FIC: Already Seen (1/1)

Aug 19, 2006 08:57

Ideally, I think, episode tags should come up within a week of the episode's first run, but it's been a very busy week and I'm hoping that people will actually still be interrested in a "Progeny"-tag. This has a different style than anything I've really done before--more experimental--so if it doesn't work for you, I'd also love some constructive criticism. It has, however, been a really long time since I've been able to do a one-shot (there were quite a few attemped and abandoned between "I See Skies of Blue" and this), so I'm just relieved to have been productive.

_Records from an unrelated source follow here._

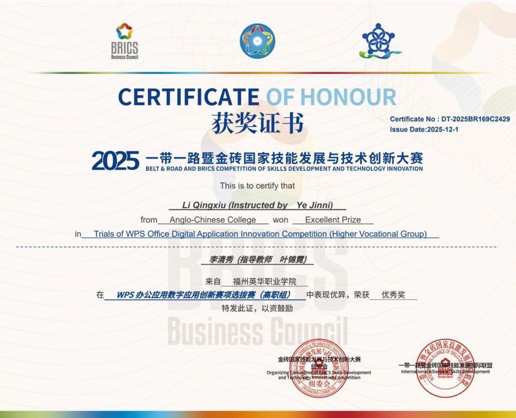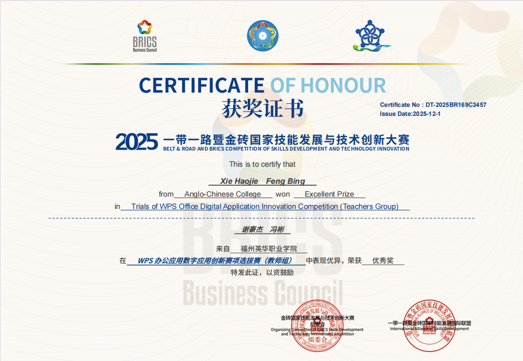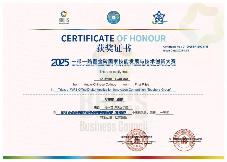 近日,2025“一带一路”暨金砖国家技能发展与技术创新大赛圆满落幕。我院信息技术系师生代表队凭借扎实的专业功底、出色的创新能力和稳定的赛场发挥,在激烈角逐中脱颖而出。在WPS办公应用数字应用创新赛项选拔赛(教师组)中获一等奖1项、优秀奖1项,在WPS办公应用数字应用创新赛项选拔赛(高职组)中获二等奖1项、三等奖3项、优秀奖1项,在第二届人工智能算法应用设计赛项(高职组)中获三等奖1项,充分展现了我院师生的专业素养与综合能力。
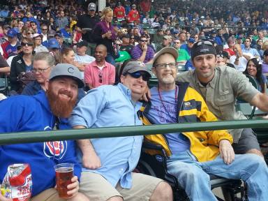 So yesterday Charles and his friends packed up the wheelchair and some extra pain meds from the Hospice nurses, and took Richard to Wrigley Field for the Cubs game. They had wheelchair accessible tickets behind home plate for their day at the ballpark and spent it doing what they loved most- watching baseball, together, in one of their favorite venues. Charles’ friends took some priceless pictures of them sitting together at the crowded stadium on what was no doubt a sacred day for them both. And while I doubt the crowds in the stands behind them know anything about their sacred day, I love that there is a crowd behind them in the pictures because I believe that’s who we’re called to be: the visible, tangible crowd of love.
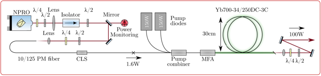 2019年,Sven Hochheim等人用nLight的Yb700-34/250的3C光纖,制作了用于引力波探測的100W單頻單模保偏光纖放大器。
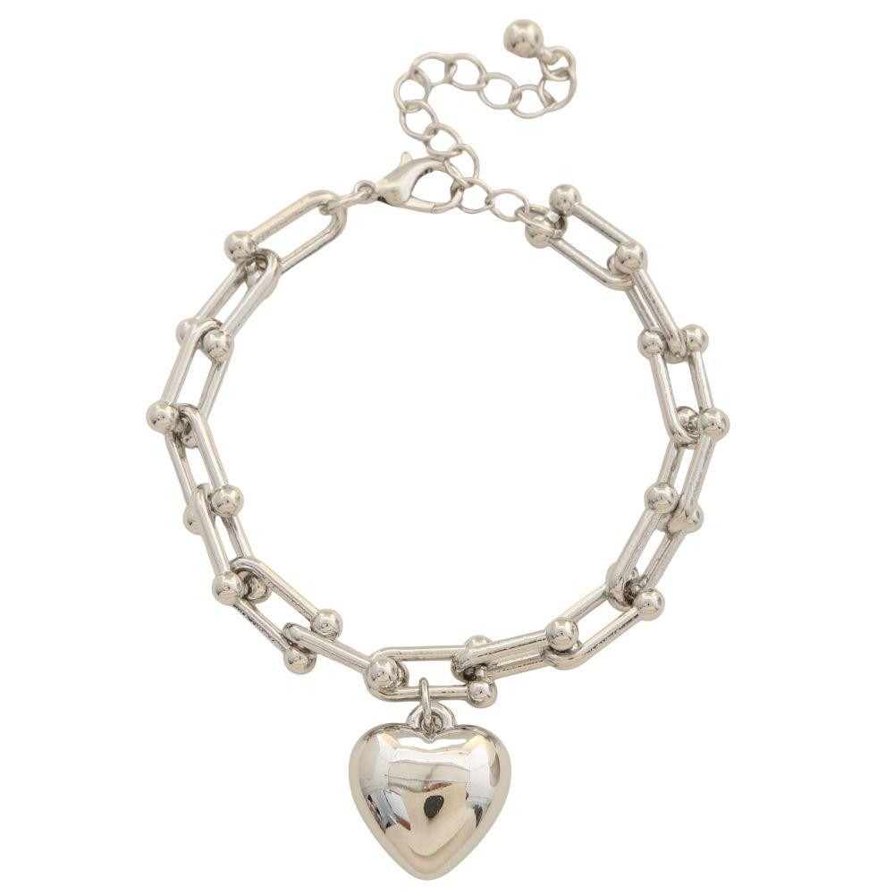 PUFFY HEART CHARM U LINK METAL BRACELET
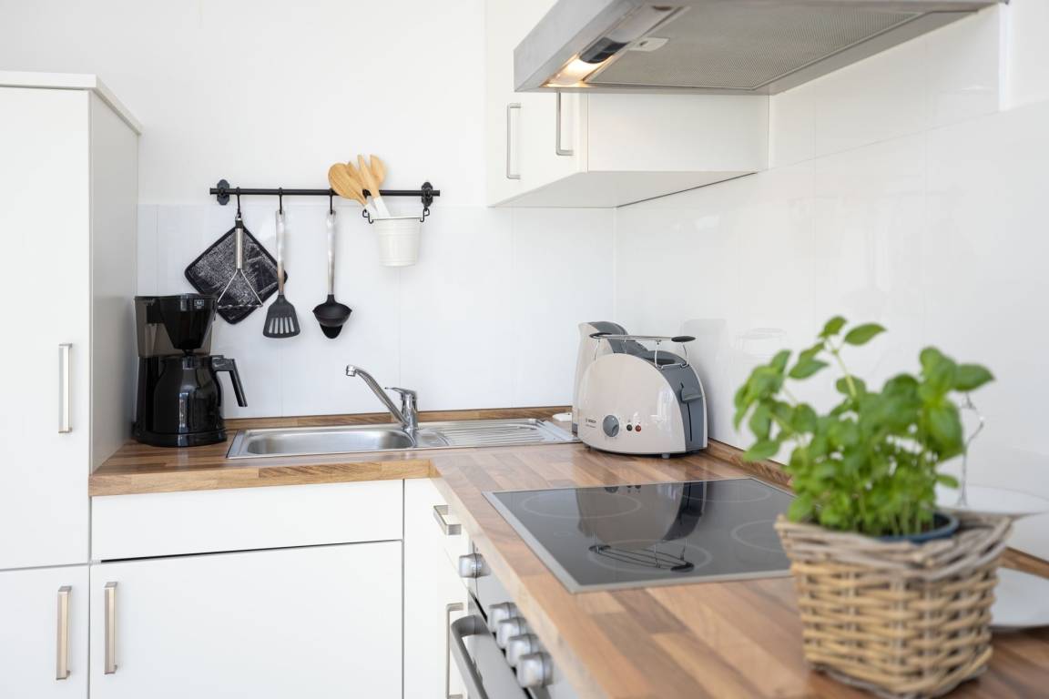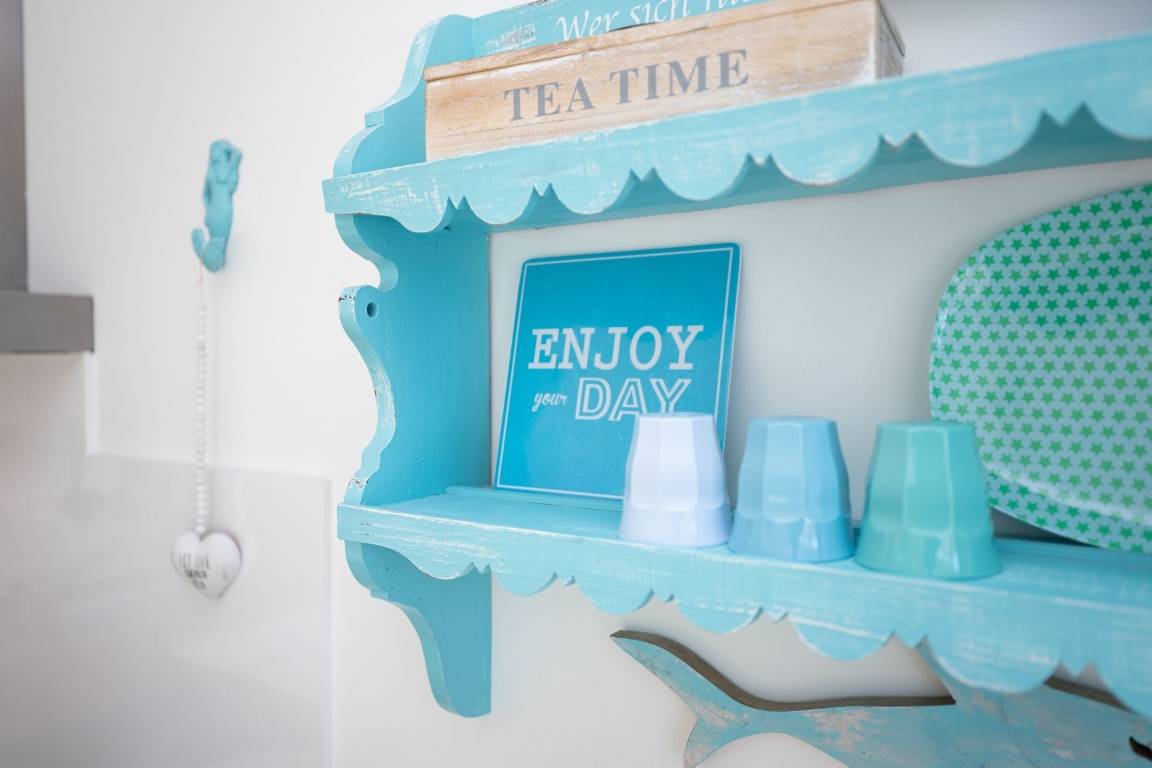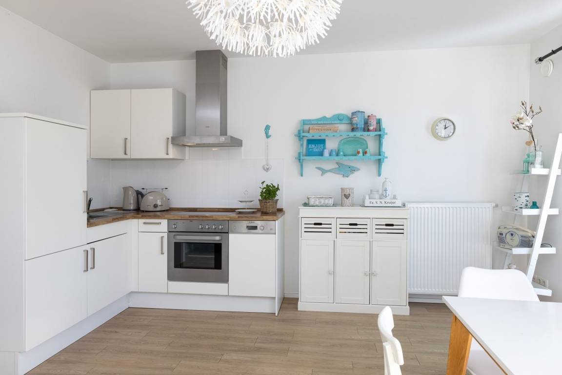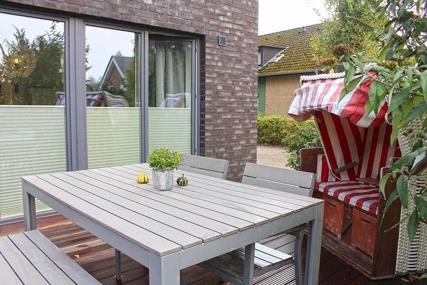 Schließen Sie auf und treten Sie ein! Ein heller Flur mit Garderobe empfängt Sie. Gleich geradezu das Wohnzimmer mit Essplatz und offener bestens ausgestatteter Küchenzeile strahlt mit seinen nordischen Farbtönen und geschmackvollen Details. Öffnen Sie die Terrassentür und denken Sie schon mal an das Frühstück, das Sie draußen in aller Ruhe genießen können oder zwischendurch ein Buch im Strandkorb lesen. Herrlich entspannen können Sie auf der gemütlichen Sofaecke und dabei einen guten Film ansehen oder Ihren Freunden zu Hause ein paar Urlaubsbilder senden. Im Handumdrehen können Sie das Sofa zu einem Schlafplatz herrichten, Verdunkelungsgardinen an den bodentiefen Fenstern sorgen für eine angenehme Nachtruhe. Am anderen Flurende ist das Schlafzimmer mit Doppelbett (2x 80x200 cm) und einem Kleiderschrank. Verdunkelungsplissees sind hier am Fenster angebracht. Daneben ist das tageslichthelle Duschbad mit ebenerdiger Dusche, Handtuchwärmer und Föhn.
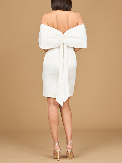 View full detailsThis bridal mini showcases an off-shoulder design with a strapless bodice and a sophisticated bow detail at the back. The skirt falls to the knee, ...
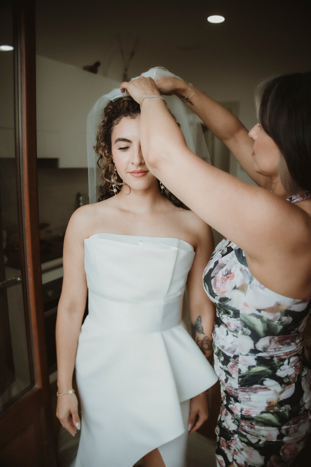 Intimate and tender shot of the sister of the bride carefully adjusting the bridal veil just before the symbolic in the garden of a Sicilian villa on a family elopement in Cefalù
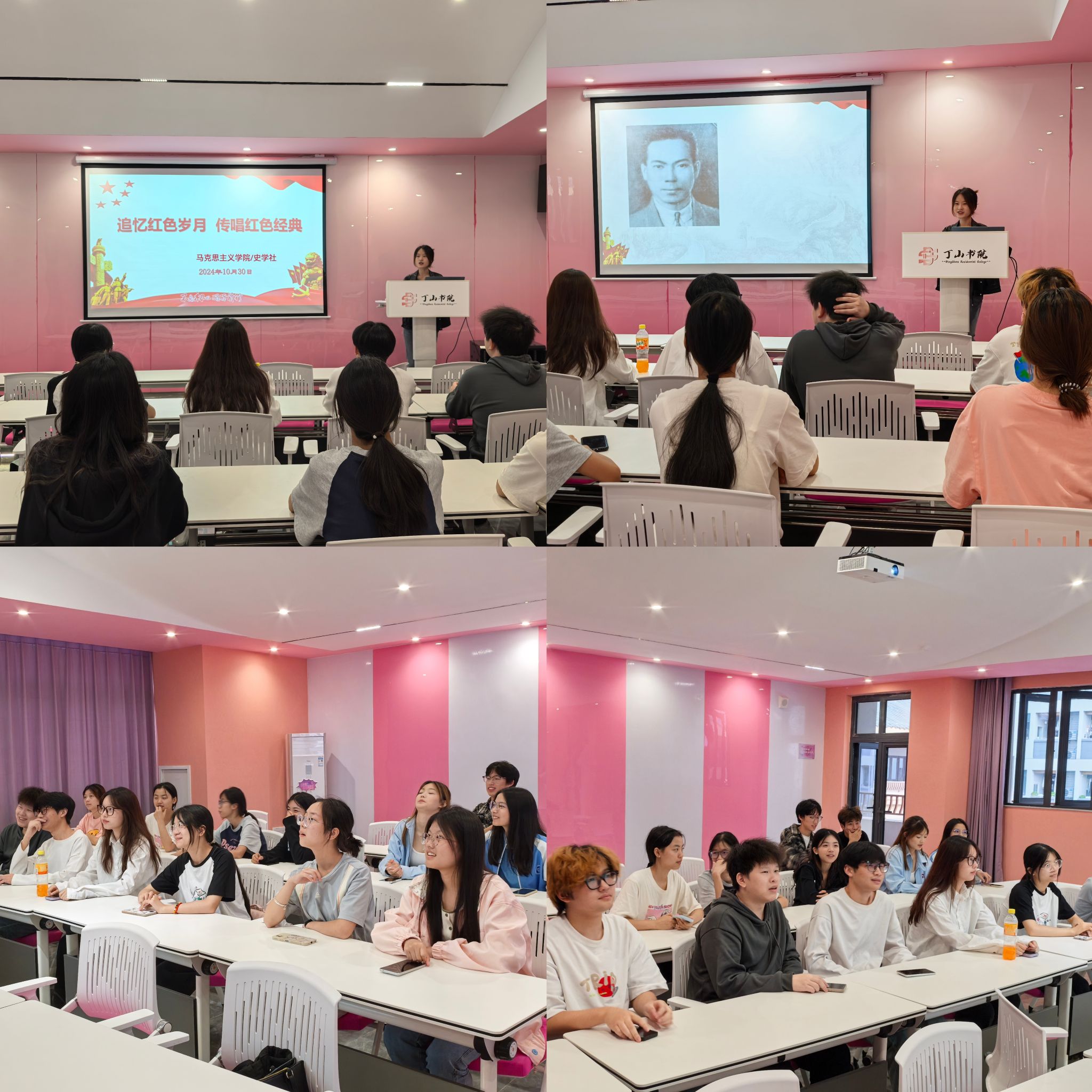 为弘扬党的优良传统和革命精神,厚植大学生的爱国情怀,进一步增强大学生的历史责任感和使命感,2024年10月30日,马克思主义学院指导史学社在丁山书院白羊座·演讲培训室开展了“追忆红色岁月,传唱红色经典”实践教学活动。本次活动由马克思主义学院马克思主义基本原理教研室向娇、黄必琼两位老师主持,来自綦江校区不同专业的15名学生参与。
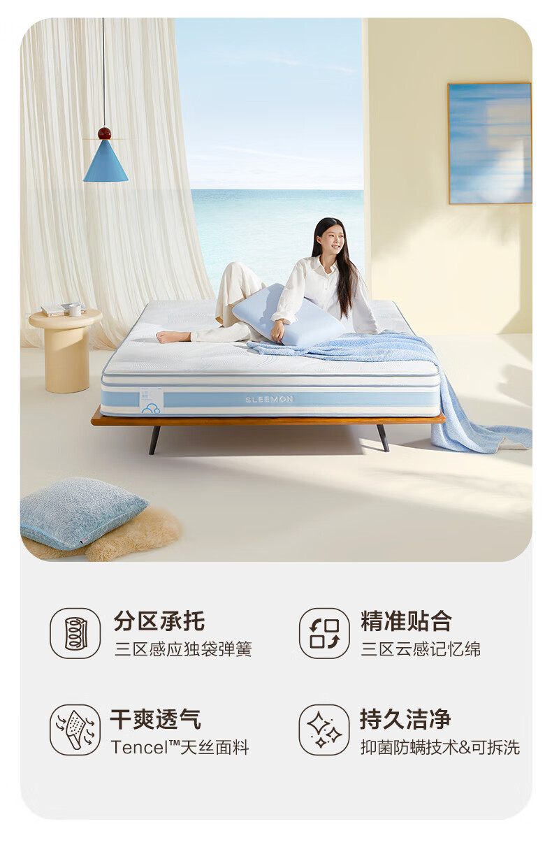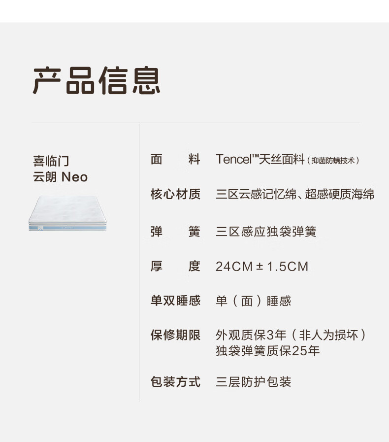喜临门云朗Neo双人记忆棉海绵床垫三区独袋弹簧可拆洗床垫席梦思 云朗Neo-厚24cm【可拆洗/分区设计】 1.8*2米
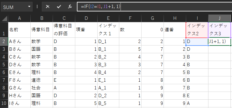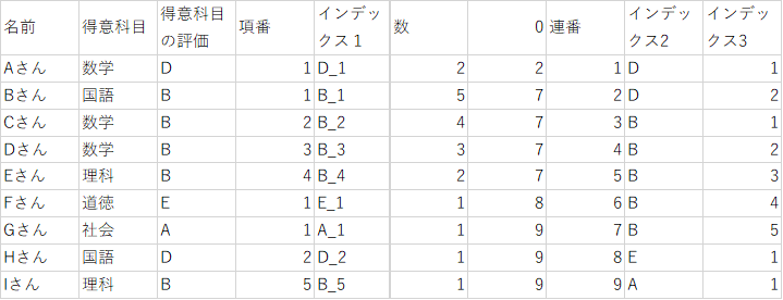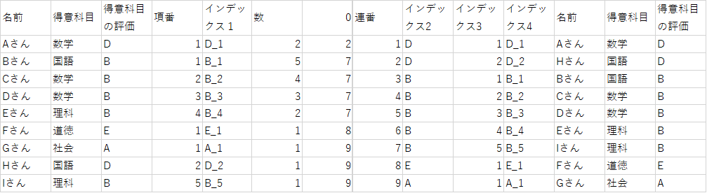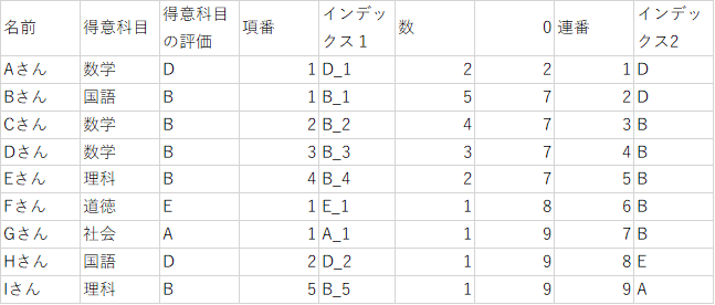 1.で振った項番だけでは、異なる「得意科目の評価」かつ同じ「項番」の場合、区別ができません。
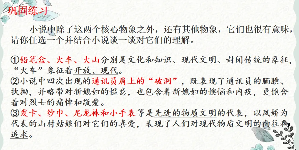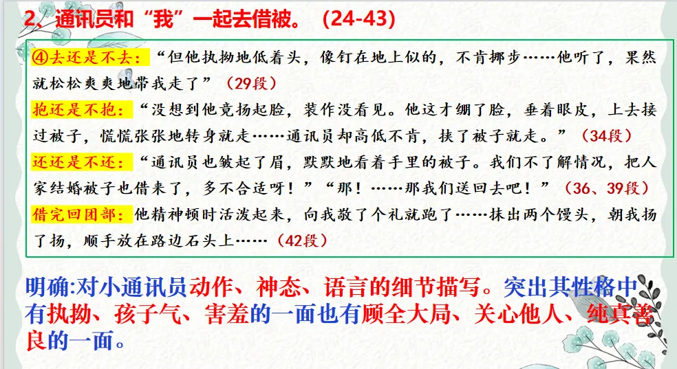 【课件配套学案】第一单元小说《百合花》《哦,香雪》考点梳理
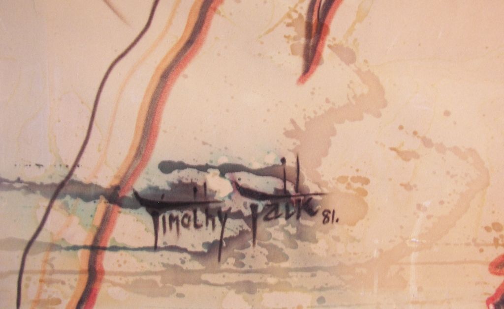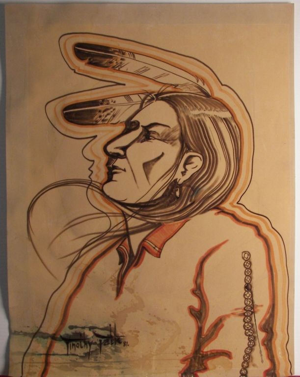 Timothy Talk, Watercolor Timothy Talk, Watercolor in velvet paper, stylized Indian, Severe water damage (see photo # 2) 26" x20", Signed lower left,(8163)
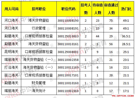 當前河口海關海關貨物查驗,職位代碼300110008190的崗位相比報名人數為多,招2人,23人報名待審,75人過審,熱門比為:49:1
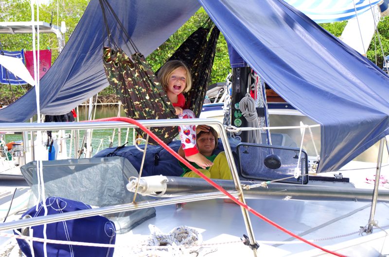 The best linehandlers of the world – our friends from the Kira have decided to do the passage a third time. Way ahead of time, they arrive three days early to enjoy luxury life in the marina. They commute in between pool and bar and in the early morning hours they swing themselves into the hammock on the foredeck. Hehehe.
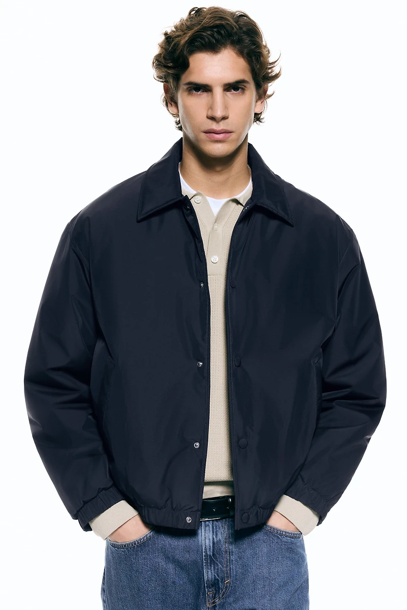 Veste en tissu légèrement matelassé. Modèle à manches longues avec col rabattu et fermeture par boutons-pression devant. Poches raglan devant. Élastique habillé aux poignets et au bas. Une poche raglan à l'intérieur. Doublure matelassée.
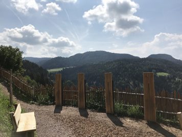 Siamo arrivati così alla stazione numero 8, situata su un tornante, all’interno di una curata aiuola fiorita. Da qui abbiamo percorso pochi metri lungo la strada (Via Falzeben) fino ad arrivare all’ufficio turistico e trovare il nostro amico Foly, che ci attendeva per proseguire alla ricerca delle successive stazioni.
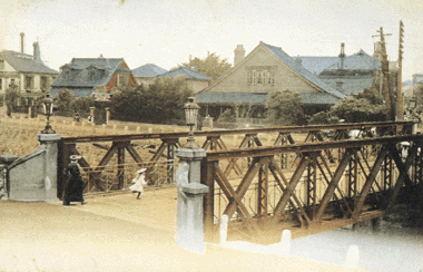 輪回しで遊ぶ外国の少女、明治末の状景。山手から谷戸坂を下り橋を渡ると居留地横浜・山下町。堀川の向こう三角屋根の家はヘボン式ローマ字を考案したヘボンの住居。百年後の今、橋は左手に移され、川の向こうにはマリンタワー。
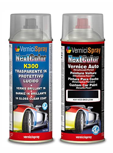 Kit Vernice Auto Spray compatibile con SKODA FABIA LC9X DEEP BLACK MET. e Trasparente Lucido Spray - kit ritocco vernice metallizzata 400+400 ml di VerniciSpray

ETA: The summary comes from a Stephen King quote--if memory serves correctly, it was both in an introduction for "That Feeling, You Can Only Say What It Is In French" and the screenplay "Storm of the Century". Credit where credit is due.

Already Seen

spoilers for "Progeny"



Insanity is doing the same thing over and over and expecting different results.

Rodney has lost his mind before, but never in the traditional sense.

Even with Cadman pushing aside bits of his cerebellum and claiming her own portion of his headspace, even with the enzyme rush making him angry and stupid, even with a knife point biting down into his skin and Kolya’s mouth an inch from his ear - - it was never like this. Never this thorough, never this careful, never this cruel. Intimate, he says, and means it: they came in and he gave it up and it happened again and again and again.

Rodney always has been easy.

*

In his most uncharitable moments, Rodney thought that Sheppard only wanted him on the team because in at least four out of every five inevitable doom scenarios, Rodney’s genius allowed Sheppard to be lazy. He never said it- - he could never work out which of them he was really insulting - - but he thought it very loudly as he tried to figure out the almost imperceptible fluctuations in the cell’s shield while Sheppard sat in the corner and taught Teyla and Ronon how to play cat’s cradle with their bootlaces.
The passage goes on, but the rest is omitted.